2.4. Statistical Analysis
The analyses were performed using the SPSS package (version 24.0; IBM corporation, Armonk NY, USA) and the MedCalc Statistical Software (version 14.8.1, MedCalc Software bvba, Ostend, Belgium). Data were presented as mean ± SD for normally distributed values (via Kolmogorov–Smirnov test), median [IQ range] for variables with skewed distribution, or frequency percentage, as appropriate. Differences between groups were determined by the unpaired T-test for normally distributed values, the Mann–Whitney U test for non-parametric values, and the chi-square followed by a Fisher’s exact test for frequency distributions. The Pearson (R) and the Spearman (Rho) correlation coefficients were employed to identify the univariate correlates of uPTM-FetA. Multiple regression analyses were thus performed to assess independent relationships, considering uPTM-FetA as the dependent variable. Receiver Operating Characteristics (ROC) analyses were employed to calculate the area under the curve (AUC) for uPTM-FetA, considering the presence of CKD in the complete study population (CKD patients + healthy controls) and that of DKD in the CKD population as the status variable, respectively. The best cut-off values for uPTM-FetA were computed by the Youden index. All results were considered significant if the p value was <0.05.
3. Results
3.1. Clinical Characteristics and uPTM-FetA Measurement in the Study Cohort
The study population consisted of 47 adult patients (mean age 71.6 ± 10 years, 63.8% male) who met the inclusion/exclusion criteria for being eligible to participate. DKD was the established cause of CKD in 34 patients (72.3%), while in the remaining 13 individuals CKD was related to glomerulonephritis (n = 5), ADPKD (n = 2), chronic pyelonephritis (n = 2) or nephroangiosclerosis (n = 4). Mean eGFR (CKD-Epi) was 40.10 ± 16.5 mL/min/1.73 m2 in the whole study population, being marginally higher (p = 0.05) in the DKD (38.5 ± 12.6 mL/min/1.73 m2) compared to the non-DKD group (43.3 ± 9.8 mL/min/1.73 m2). BMI was significantly higher in the DKD vs. non-DKD group (28.5 ± 5.1 vs. 25.6 ± 5.1 p = 0.01), as well as proteinuria (0.381 [0.080–0.751] vs. 0.14 [0.168–0.312] p = 0.04), while the systolic blood pressure was lower (133.6 ± 18.8 mmHg vs. 125.4 ± 15.6 mmHg p = 0.05).

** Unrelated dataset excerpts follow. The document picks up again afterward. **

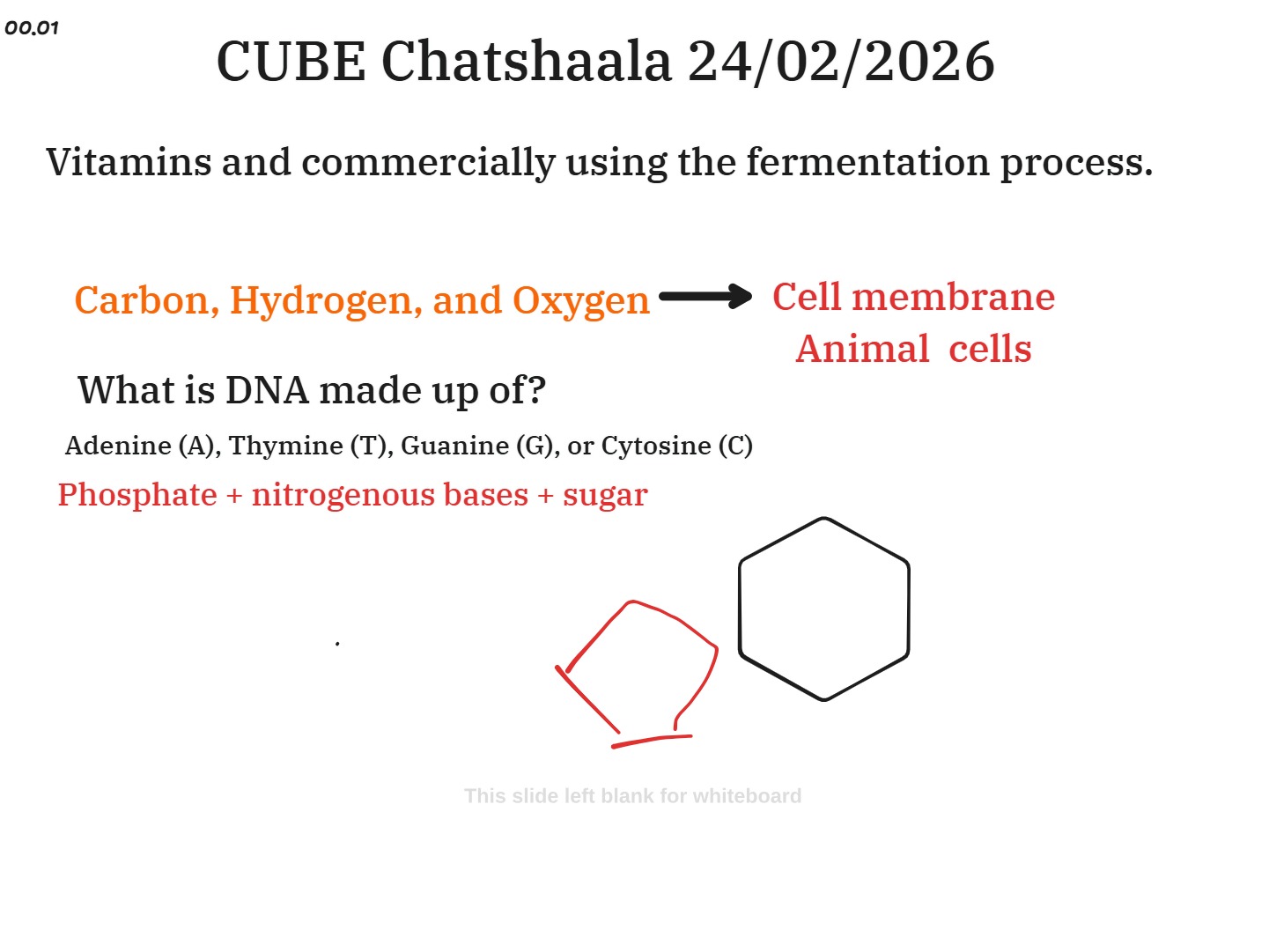 The CUBE ChatShaala session on 24 February 2026 focused on the biology and industrial significance of vitamins, DNA composition, and the role of fermentation in commercial production, in preparation for Sneha’s presentation tomorrow. The discussion began with the fundamentals: vitamins are essential organic compounds that must be consumed in small quantities for metabolic processes, growth, and disease prevention. Their importance in vision, immunity, and energy production was emphasized, alongside industrial applications in food fortification, pharmaceuticals, nutraceuticals, animal feed, and cosmetics.
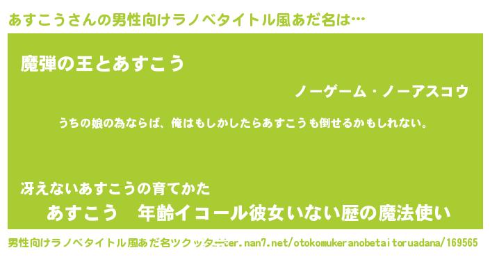 | 女子向けラノベタイトル風あだ名 | 『あすこう伯爵の花嫁』 |
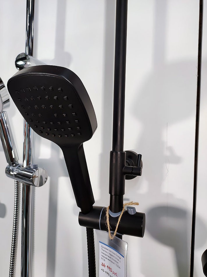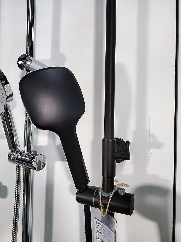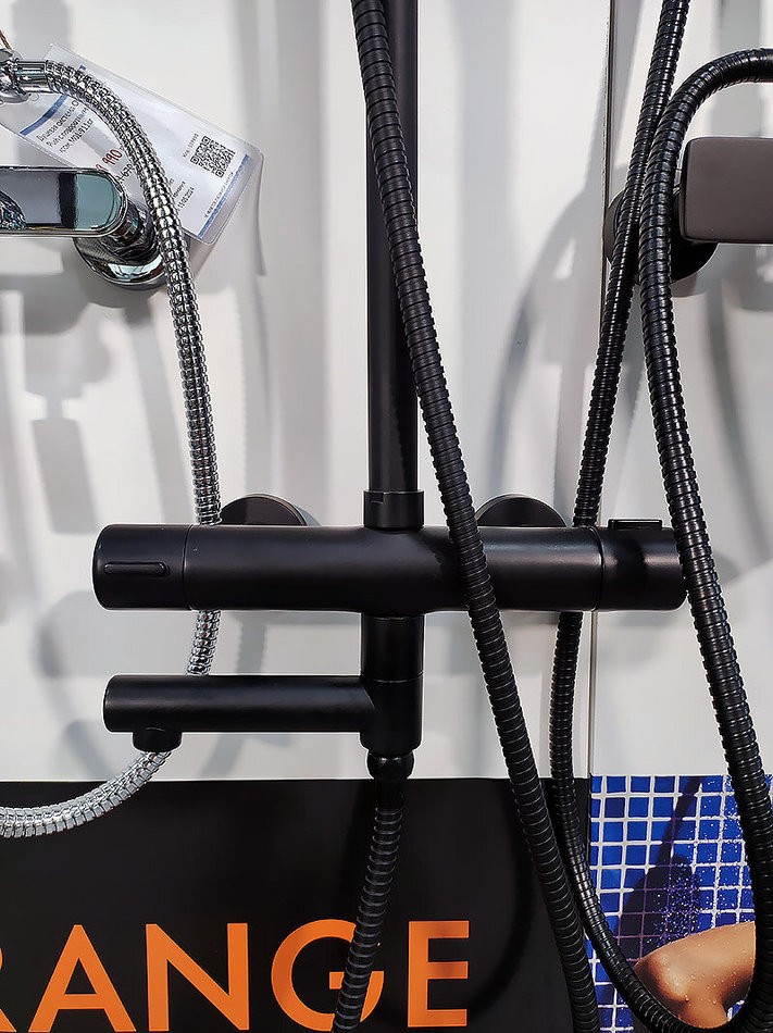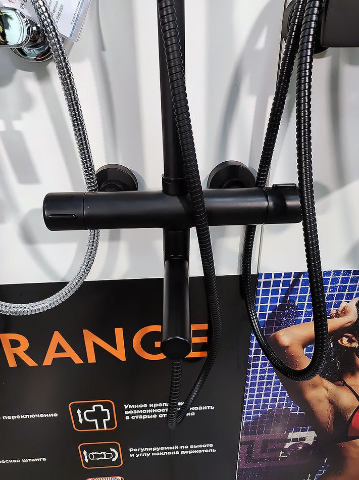 Душевая система Orange Thermo: термостат с поворотным изливом 118 мм (управление осуществляется с помощью двух стильных ручек: левая - регулирует напор воды, правая - управляет температурой, создавая идеальные условия для принятия водных процедур), телескопическая штанга 865-1250 мм, верхний душ (230х230 мм) с регулировкой угла наклона и силиконовыми форсунками (защита от известкового налета), ручной душ d 120 мм (1 режим), регулируемый по высоте и углу наклона держатель ручного душа, шланг 1500 мм в металлической оплетке (с защитой от перекручивания). Цвет матовый черный, за которым просто ухаживать мягкой салфеткой, получен порошковой окраской с многоступенчатой системой подготовки и высокотемпературной обработкой.
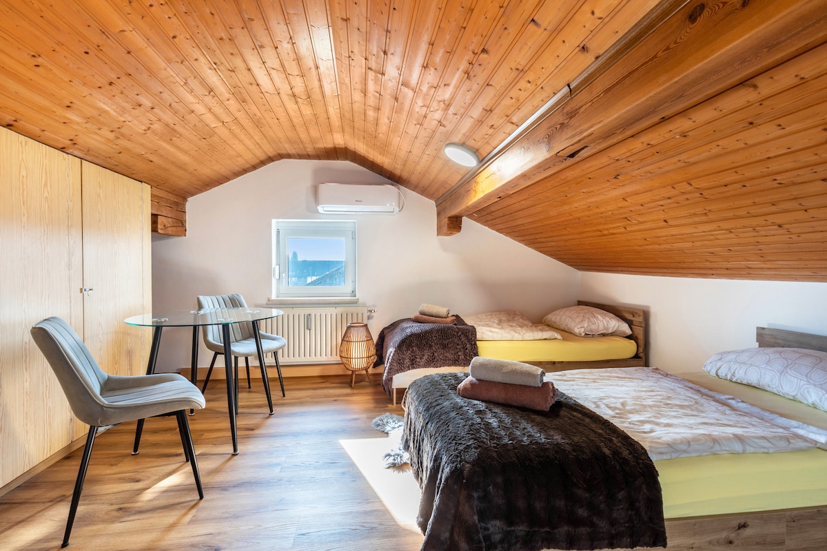 Suíomh uathúil os cionn Loch Attersee – buaileann an dúlra íon le compord inbhuanaithe. Tá ár réadmhaoin suite in áit iontach ar chnoc os cionn Loch Attersee – timpeallaithe ag móinéir leathana, caoirigh féaraigh agus ba. Níl an loch agus sráidbhaile Unterach ach 5 nóiméad ar shiúl ar rothar/carr nó 20 nóiméad ar shiúl na gcos agus tugann sé cuireadh duit dul ag snámh, ag siúl agus ag luí. Tá caiféanna, siopadóireacht, bialanna agus trá saor in aisce ag fanacht leat!
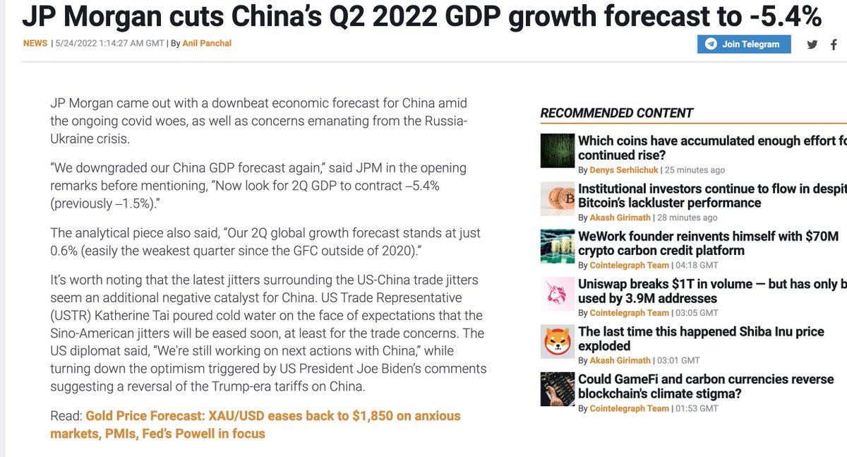 JP Morgan:中国2022 Q2的GDP预计下跌5.4%。2022年Q2了,中国是目前全世界唯一一个被Omicron搞垮的经济体。真他妈绝绝子
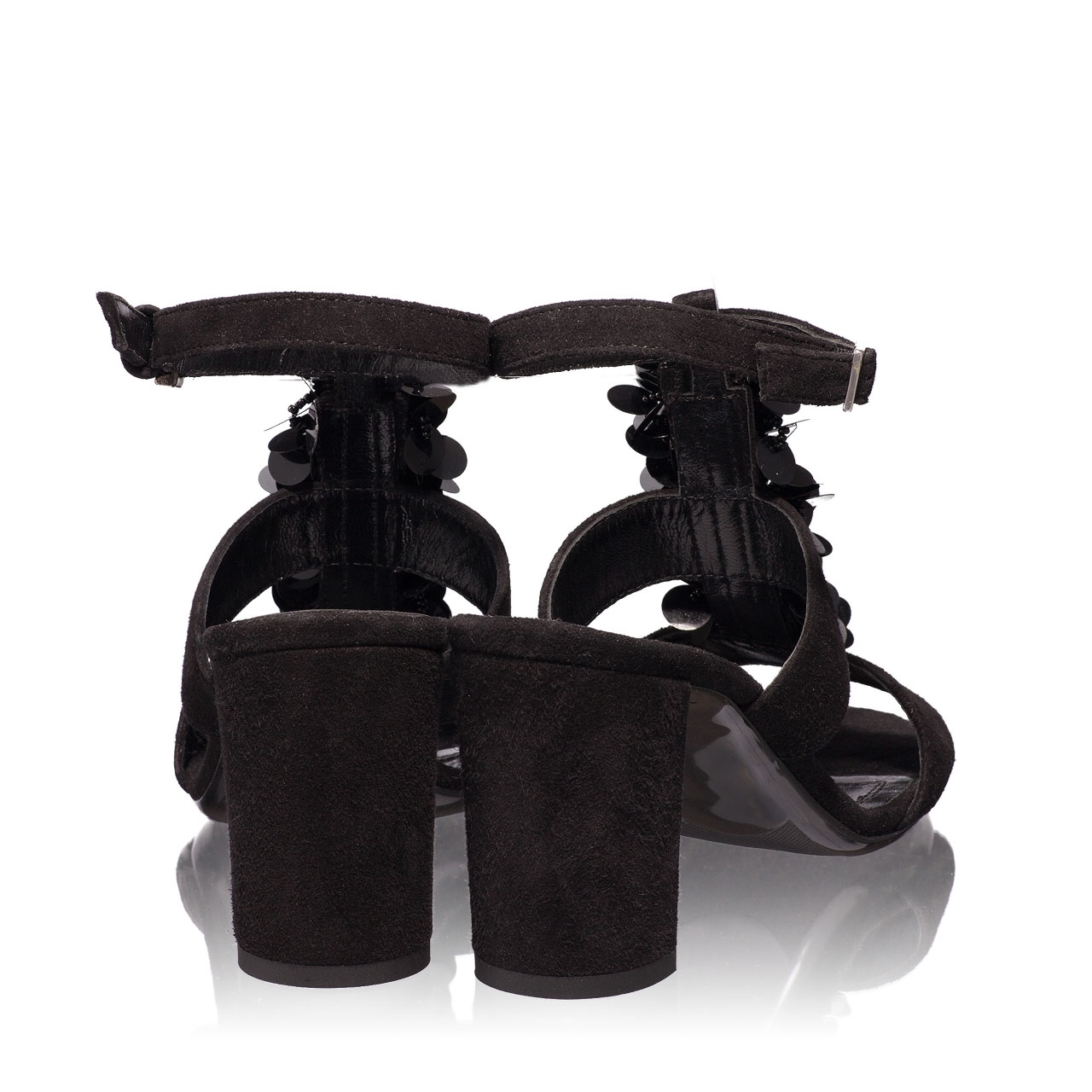 Sandale dama din piele intoarsa,cu accesorii tip paiete ce ofera un aspect deosebitInchiderea se face cu catarama laterala.
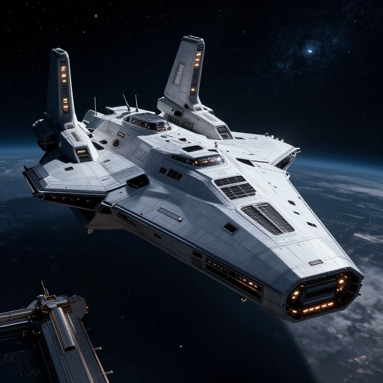 Futuristic Cruiser Docked at Space Station
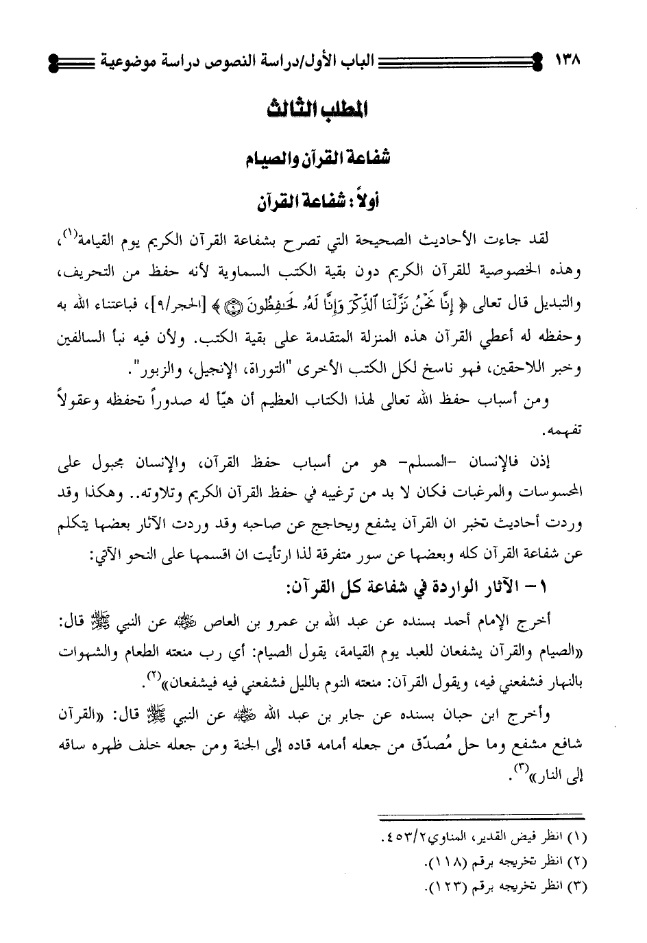 لقد جاءت الأحاديث الصحيحة التي تصرح بشفاعة القرآن الكريم يوم القيامة (¬1)، وهذه الخصوصية للقرآن الكريم دون بقية الكتب السماوية لانه حفظ من التحريف، والتبديل قال تعالى ((إنا نحن نزلنا الذكر وإنا له لحافظون)) (¬2)، فباعتناء الله به وحفظه له أعطي القرآن هذه المنزلة المتقدمة على بقية الكتب. ولان فيه نبأ السالفين وخبر اللاحقين، فهو ناسخ لكل الكتب الأخرى "التوراة، الانجيل، والزبور".
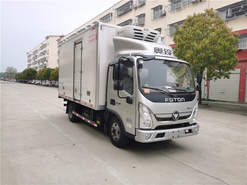 福田奧鈴速運藍牌4米2冷藏車上裝配置:箱體內尺寸4080x2100X2100(mm).龍骨連接鑲入環保防水木材起保溫耐腐蝕作用)、斷橋隔熱技術!保溫效果達到國家A級標準.箱板是由鍍鋅管骨架加上環保防水木板一次成型,中間8CM保溫板填充、加厚3.0玻璃鋼,高強度粘合劑、熱壓成型,外框采用304不銹鋼、加厚鋁型材包邊、27不銹鋼大門鎖、配件,箱體拼接出來不打膠無縫隙,降溫速度快、散溫慢、保溫效果好,門帶斜邊,副梁是710大梁鋼一次性折成,用壓板鎖緊,側護網和后保險杠一次性成型。壓板臺面生產前機器自動吸塵干凈,保證壓板機一次壓制成型,其生產設備及技術均領先同行業標準,箱體外形美觀,整體質量輕,強度高,無滲漏特點,箱體堅固耐用,保溫效果高.

DKD patients were more frequently under SGLT-2 inhibitors treatment (50% vs. 23%; p = 0.03) and statins (97% vs.46.1%; p = 0.01), while no differences were observed for other therapeutics.
uPTM-FetA values were remarkably higher in the whole study population as compared with the control group (29.68 [2.50–55.16] vs. 0.84 [0.10–1.15] ng/mL; p = 0.0005). In parallel, a significant difference was also found in uPTM-FetA values between DKD and Non-DKD individuals (13.9 [0.01–45.02] vs. 1.66 [0.09–4.19]; p = 0.01; Figure 1). Such observations were confirmed at exploratory analyses (not shown) employing uPTM-FetA normalized by urinary creatinine.
Table 1 summarizes the complete information regarding the characteristics and active therapy for all the CKD patients and for the two subgroups (DKD and non-DKD).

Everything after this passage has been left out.